L’amministrazione dunque, poste le note differenze tra valutazione in sede penale e valutazione ai fini della concessione della cittadinanza, ha ritenuto necessario valutare autonomamente le condotte in questione, giungendo alle seguenti conclusioni:
- “ il comportamento del richiedente, gravato da illecito di forte entità, palesemente contrario ai principi e ai valori che regolano la nostra società e il nostro ordinamento, impediscono ogni forma di coercizione e di violenza dentro e fuori la famiglia e inducono a formulare un giudizio negativo sul livello di integrazione raggiunto ”;
- “ la condotta di inosservanza delle regole poste a tutela dei beni dell'integrità fisica e della libertà delle persone causa un grave allarme sociale e denota un mancato idoneo inserimento nella comunità nazionale ”.

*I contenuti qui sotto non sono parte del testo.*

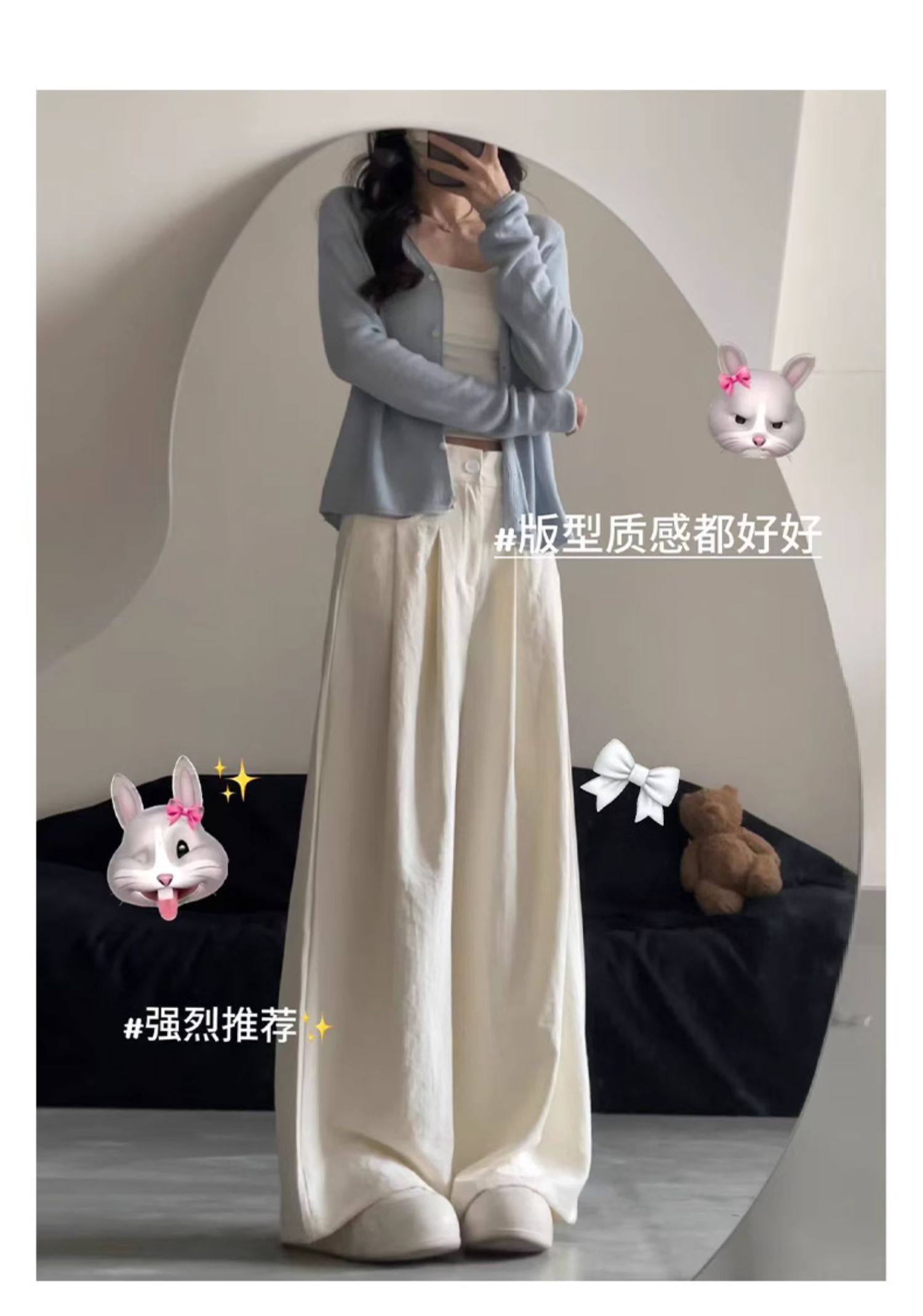 白色阔腿裤女高腰垂感小个子直筒裤慵懒西装裤 quantity

Si tratta di una valutazione coerente con le considerazioni sopra meglio specificate e, dunque, non in grado di essere incise dalle doglianze di parte ricorrente, tenuto altresì conto del fatto che neanche l’estinzione del reato non preclude all’amministrazione di svolgere le proprie valutazioni sui fatti storici contestati all’istante (Cons. St., sez. III, 19 agosto 2022, n. 7328; cfr., di recente, TAR Lazio, sez. V- bis , 12 gennaio 2026, n. 493)

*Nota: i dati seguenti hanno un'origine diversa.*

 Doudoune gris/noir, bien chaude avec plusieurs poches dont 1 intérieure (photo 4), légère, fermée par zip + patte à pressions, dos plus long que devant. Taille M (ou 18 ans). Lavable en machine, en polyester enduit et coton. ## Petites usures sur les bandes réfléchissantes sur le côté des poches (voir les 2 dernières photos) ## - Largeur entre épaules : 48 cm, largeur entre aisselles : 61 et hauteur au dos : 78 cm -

4. Stante quanto precede, il ricorso è infondato e va pertanto rigettato.
Le spese possono trovare compensazione tra le parti, tenuto conto della costituzione meramente formale dell'amministrazione dell'interno.
P.Q.M.
Il Tribunale Amministrativo Regionale per il Lazio (Sezione Quinta Bis), definitivamente pronunciando sul ricorso, come in epigrafe proposto, lo rigetta.
Spese compensate.
Ordina che la presente sentenza sia eseguita dall'autorità amministrativa.
Ritenuto che sussistano i presupposti di cui all'articolo 52, commi 1 e 2, del decreto legislativo 30 giugno 2003, n. 196 (e degli articoli 5 e 6 del Regolamento (UE) 2016/679 del Parlamento europeo e del Consiglio del 27 aprile 2016), a tutela dei diritti o della dignità della parte interessata, manda alla Segreteria di procedere all'oscuramento delle generalità.

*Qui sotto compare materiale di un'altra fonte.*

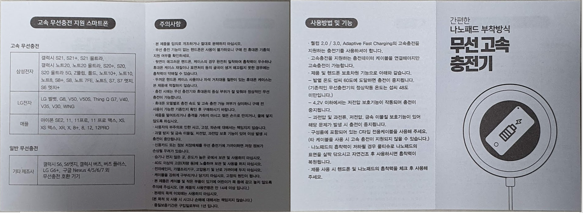 여기까지 '나노패드부착방식 무선고속충전기'의 개봉기였습니다.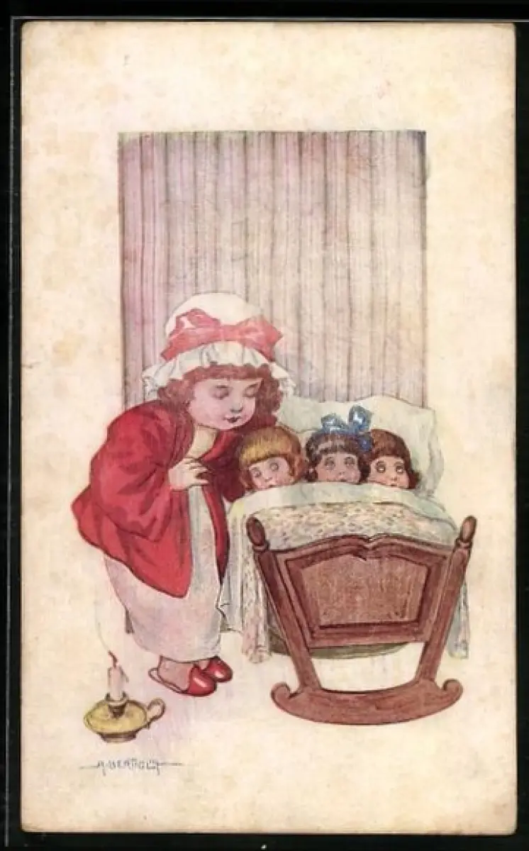 Künstler-AK A. Bertiglia: Junges Mädchen spielt Mutter und bringt ihre Puppen zu Bett

Così deciso in Roma nella camera di consiglio del giorno 23 gennaio 2026, tenutasi tramite collegamento da remoto, con l'intervento dei magistrati:
DR MA, Presidente
Rita Luce, Consigliere
IZ DO, Primo Referendario, Estensore
| L'ESTENSORE | IL PRESIDENTE |
| IZ DO | DR MA |
IL SEGRETARIO
In caso di diffusione omettere le generalità e gli altri dati identificativi dei soggetti interessati nei termini indicati.